START Dataset content

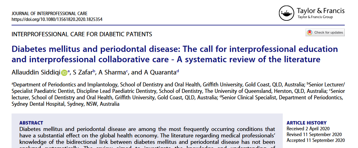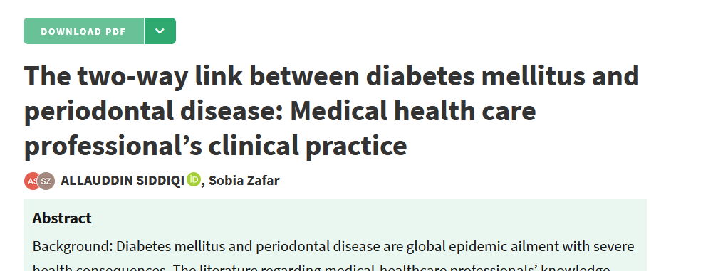 My research has focused primarily on the field of periodontal infections and their connection with diabetes mellitus. My recent study has concluded that diabetes mellitus lacks knowledge of the bidirectional association between periodontal disease and diabetes mellitus. In this regard, medical-healthcare professionals and dentists should provide mutual care and should consider every patient as a shared responsibility. Furthermore, oral health should be integrated with routine diabetes care to optimize patients’ quality of care living with DM.
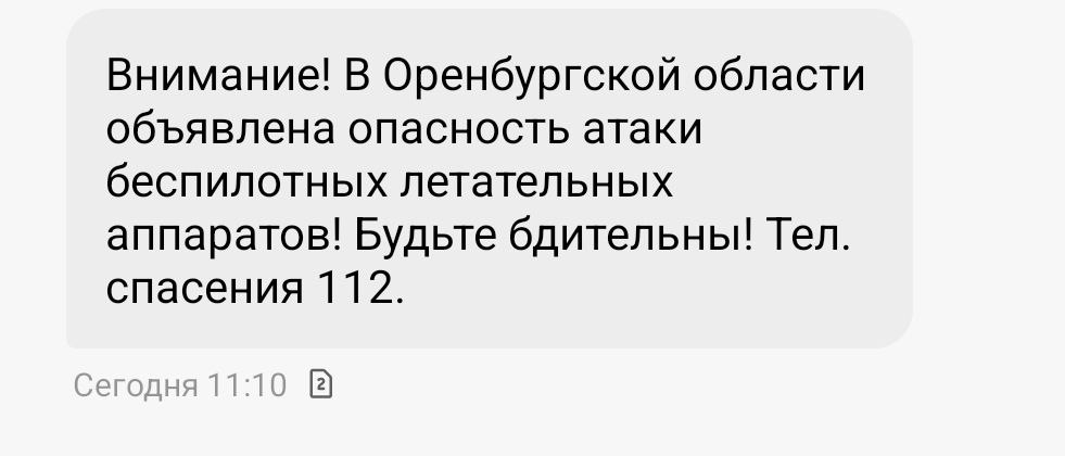 Как писал «Оренбург Медиа», СМС-оповещения об угрозе БПЛА поступают на телефоны оренбуржцев не одновременно. Операторы в разных населенных пунктах присылают их с разрывом по времени.
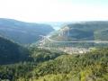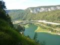 Au belvédère de Roche-Carrelet, vue sur les Neyrolles dominées par le Mont Cornet et en second plan la Roche Merveilleuse. Au fond nous reconnaissons Nantua, son Lac et son viaduc autoroutier qui s'engouffre sous le tunnel des Monts d'Ain.
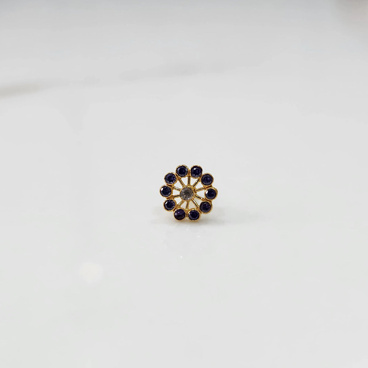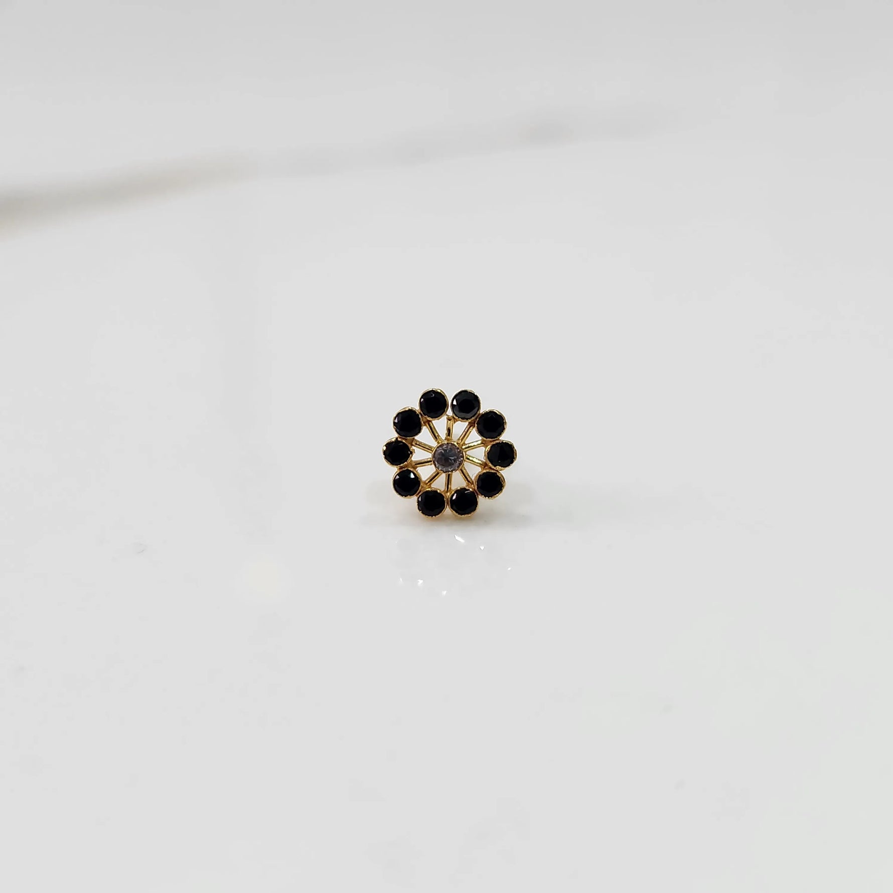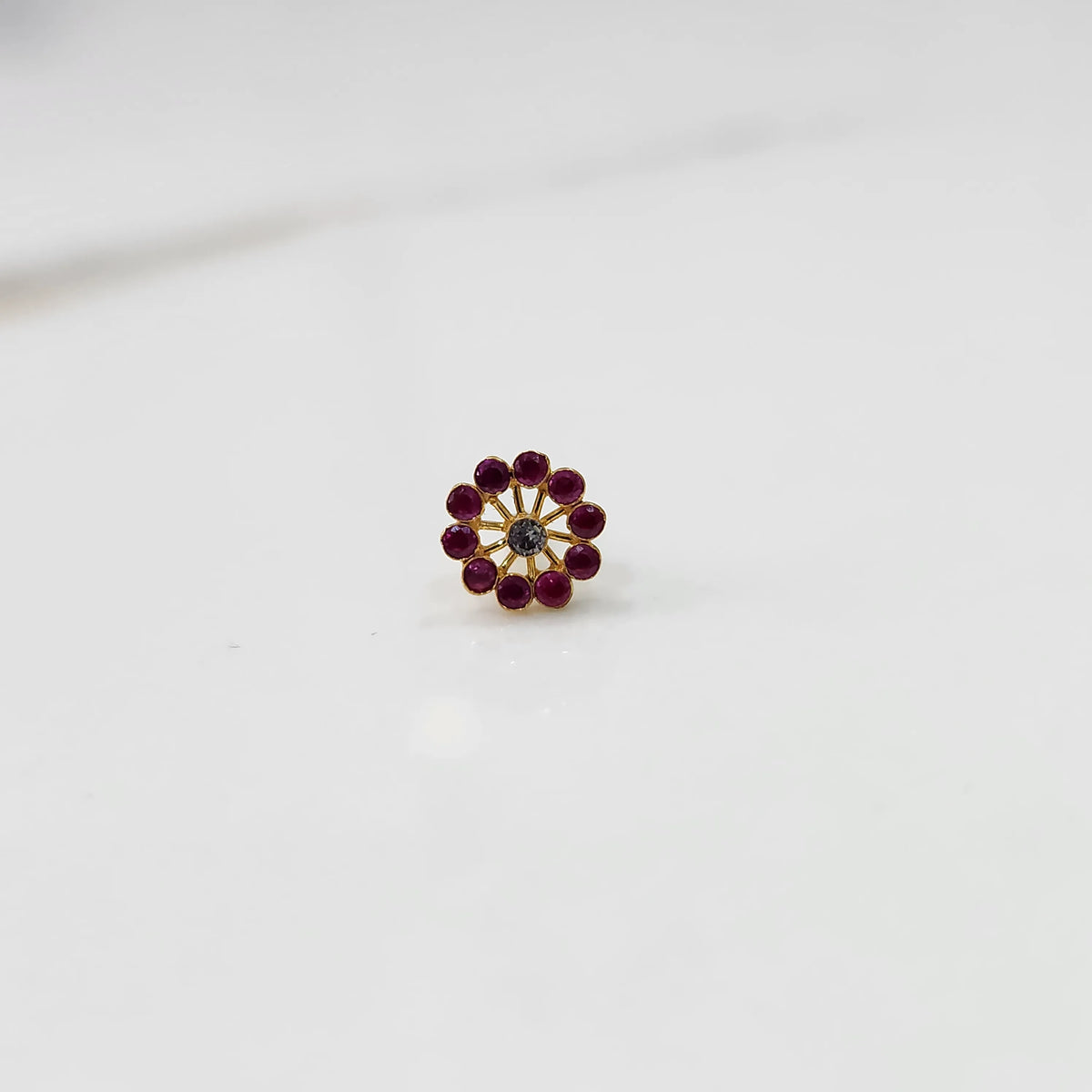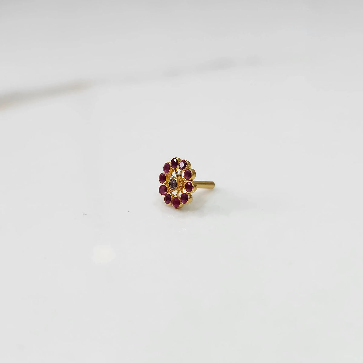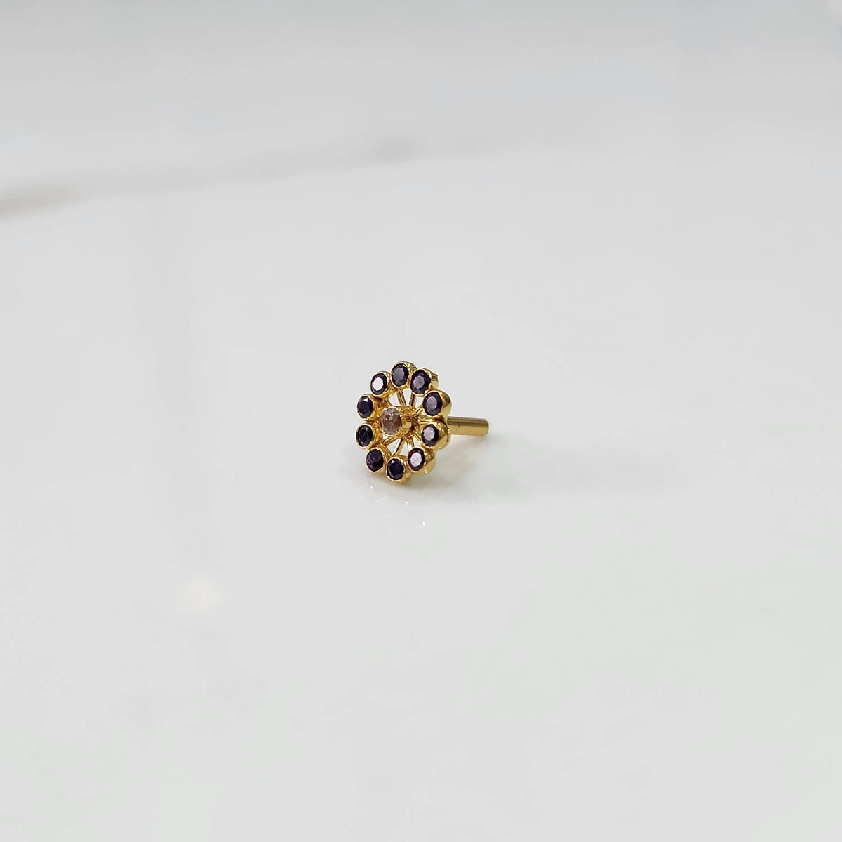 Design: Wheel-inspired stone gold nose pin with central sparkle

END Dataset content

Required action ▸
Keeping both end lines, retype exactly the lines from the first line of the material through the line that contains "разрывом по времени.", but not the pictures.

Completed task ▸
 My research has focused primarily on the field of periodontal infections and their connection with diabetes mellitus. My recent study has concluded that diabetes mellitus lacks knowledge of the bidirectional association between periodontal disease and diabetes mellitus. In this regard, medical-healthcare professionals and dentists should provide mutual care and should consider every patient as a shared responsibility. Furthermore, oral health should be integrated with routine diabetes care to optimize patients’ quality of care living with DM.
 Как писал «Оренбург Медиа», СМС-оповещения об угрозе БПЛА поступают на телефоны оренбуржцев не одновременно. Операторы в разных населенных пунктах присылают их с разрывом по времени.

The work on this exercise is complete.